# Data records:
***

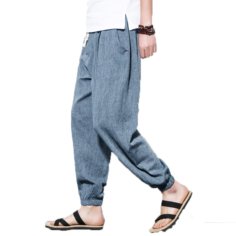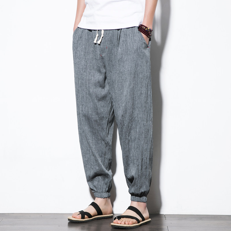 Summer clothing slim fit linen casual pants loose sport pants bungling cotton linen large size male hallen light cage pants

***

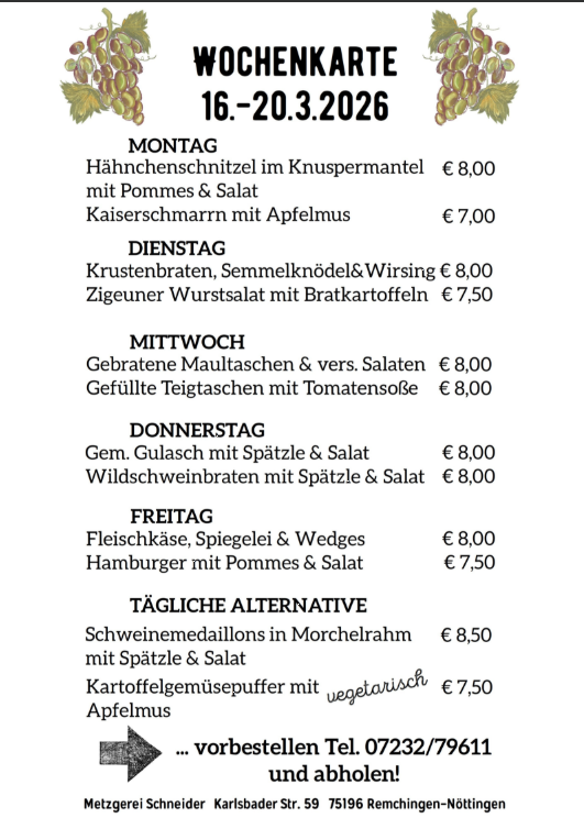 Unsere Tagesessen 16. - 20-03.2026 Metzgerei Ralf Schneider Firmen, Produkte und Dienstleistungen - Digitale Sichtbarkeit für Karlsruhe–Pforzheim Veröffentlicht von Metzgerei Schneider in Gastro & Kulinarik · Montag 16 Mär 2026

***

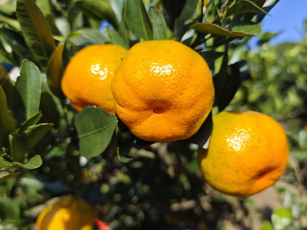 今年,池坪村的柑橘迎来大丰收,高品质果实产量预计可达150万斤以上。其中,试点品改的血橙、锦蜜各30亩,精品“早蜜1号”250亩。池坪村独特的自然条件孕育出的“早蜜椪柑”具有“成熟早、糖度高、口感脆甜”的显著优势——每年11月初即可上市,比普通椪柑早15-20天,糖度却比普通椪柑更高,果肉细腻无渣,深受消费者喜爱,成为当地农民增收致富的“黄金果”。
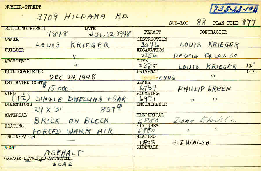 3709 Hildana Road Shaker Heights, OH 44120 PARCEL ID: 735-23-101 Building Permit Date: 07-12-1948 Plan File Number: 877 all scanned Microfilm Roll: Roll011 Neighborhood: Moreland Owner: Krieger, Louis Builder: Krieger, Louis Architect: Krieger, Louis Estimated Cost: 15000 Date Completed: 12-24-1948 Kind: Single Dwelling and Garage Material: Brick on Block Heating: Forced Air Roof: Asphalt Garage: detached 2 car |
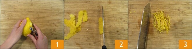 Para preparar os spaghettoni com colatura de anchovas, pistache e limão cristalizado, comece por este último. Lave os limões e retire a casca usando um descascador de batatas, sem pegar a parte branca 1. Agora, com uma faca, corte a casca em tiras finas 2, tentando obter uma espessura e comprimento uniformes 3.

***

# Your task:
In the listing above, the required lines run from the line with "今年,池坪村的柑橘迎来大丰收" through the line with "Para preparar os". Output exactly those lines, omitting pictures.

# Output below:
 今年,池坪村的柑橘迎来大丰收,高品质果实产量预计可达150万斤以上。其中,试点品改的血橙、锦蜜各30亩,精品“早蜜1号”250亩。池坪村独特的自然条件孕育出的“早蜜椪柑”具有“成熟早、糖度高、口感脆甜”的显著优势——每年11月初即可上市,比普通椪柑早15-20天,糖度却比普通椪柑更高,果肉细腻无渣,深受消费者喜爱,成为当地农民增收致富的“黄金果”。
 3709 Hildana Road Shaker Heights, OH 44120 PARCEL ID: 735-23-101 Building Permit Date: 07-12-1948 Plan File Number: 877 all scanned Microfilm Roll: Roll011 Neighborhood: Moreland Owner: Krieger, Louis Builder: Krieger, Louis Architect: Krieger, Louis Estimated Cost: 15000 Date Completed: 12-24-1948 Kind: Single Dwelling and Garage Material: Brick on Block Heating: Forced Air Roof: Asphalt Garage: detached 2 car |
 Para preparar os spaghettoni com colatura de anchovas, pistache e limão cristalizado, comece por este último. Lave os limões e retire a casca usando um descascador de batatas, sem pegar a parte branca 1. Agora, com uma faca, corte a casca em tiras finas 2, tentando obter uma espessura e comprimento uniformes 3.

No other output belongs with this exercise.